Records from a dataset
○ ○ ○ ○ ○ ○ ○

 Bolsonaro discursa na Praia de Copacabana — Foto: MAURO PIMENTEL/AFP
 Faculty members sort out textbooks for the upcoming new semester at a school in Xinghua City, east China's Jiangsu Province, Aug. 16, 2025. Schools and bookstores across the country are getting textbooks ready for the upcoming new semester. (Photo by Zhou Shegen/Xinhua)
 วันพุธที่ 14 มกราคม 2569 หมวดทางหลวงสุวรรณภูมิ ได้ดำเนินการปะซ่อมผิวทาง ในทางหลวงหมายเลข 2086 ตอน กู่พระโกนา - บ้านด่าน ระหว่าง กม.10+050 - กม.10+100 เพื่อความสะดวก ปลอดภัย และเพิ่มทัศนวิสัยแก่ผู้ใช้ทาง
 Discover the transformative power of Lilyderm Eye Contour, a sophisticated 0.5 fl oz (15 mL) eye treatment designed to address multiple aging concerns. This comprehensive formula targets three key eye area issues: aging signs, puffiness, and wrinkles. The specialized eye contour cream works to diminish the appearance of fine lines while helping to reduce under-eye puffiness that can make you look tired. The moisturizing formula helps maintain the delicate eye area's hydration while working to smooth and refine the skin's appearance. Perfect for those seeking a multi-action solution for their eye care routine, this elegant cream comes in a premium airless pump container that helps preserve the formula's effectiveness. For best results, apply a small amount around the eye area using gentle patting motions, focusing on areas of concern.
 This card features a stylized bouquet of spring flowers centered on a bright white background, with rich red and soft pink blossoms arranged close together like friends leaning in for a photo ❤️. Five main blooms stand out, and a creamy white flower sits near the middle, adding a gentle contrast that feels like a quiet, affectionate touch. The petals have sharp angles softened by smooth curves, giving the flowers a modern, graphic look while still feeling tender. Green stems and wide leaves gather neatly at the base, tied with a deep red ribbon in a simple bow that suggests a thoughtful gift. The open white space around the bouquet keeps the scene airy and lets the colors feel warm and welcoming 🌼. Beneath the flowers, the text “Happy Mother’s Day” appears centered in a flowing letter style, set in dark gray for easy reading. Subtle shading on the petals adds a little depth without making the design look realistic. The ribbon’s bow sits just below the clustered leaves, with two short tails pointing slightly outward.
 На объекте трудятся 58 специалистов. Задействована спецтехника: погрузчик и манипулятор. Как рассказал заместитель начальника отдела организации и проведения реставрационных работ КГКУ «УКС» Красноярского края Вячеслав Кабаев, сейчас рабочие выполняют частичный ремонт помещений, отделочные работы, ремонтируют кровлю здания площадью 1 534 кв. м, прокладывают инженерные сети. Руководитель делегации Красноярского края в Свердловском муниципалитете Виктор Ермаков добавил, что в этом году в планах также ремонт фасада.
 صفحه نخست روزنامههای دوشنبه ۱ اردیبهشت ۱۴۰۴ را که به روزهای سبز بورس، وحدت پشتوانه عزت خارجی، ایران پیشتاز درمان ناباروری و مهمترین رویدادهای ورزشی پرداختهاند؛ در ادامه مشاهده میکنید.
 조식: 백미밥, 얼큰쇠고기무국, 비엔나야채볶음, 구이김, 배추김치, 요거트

○ ○ ○ ○ ○ ○ ○

§ **Exercise**:
Return exactly the lines in the records above, beginning with the one that holds "صفحه نخست روزنامههای" and ending with the last.

§ **Output**:
 صفحه نخست روزنامههای دوشنبه ۱ اردیبهشت ۱۴۰۴ را که به روزهای سبز بورس، وحدت پشتوانه عزت خارجی، ایران پیشتاز درمان ناباروری و مهمترین رویدادهای ورزشی پرداختهاند؛ در ادامه مشاهده میکنید.
 조식: 백미밥, 얼큰쇠고기무국, 비엔나야채볶음, 구이김, 배추김치, 요거트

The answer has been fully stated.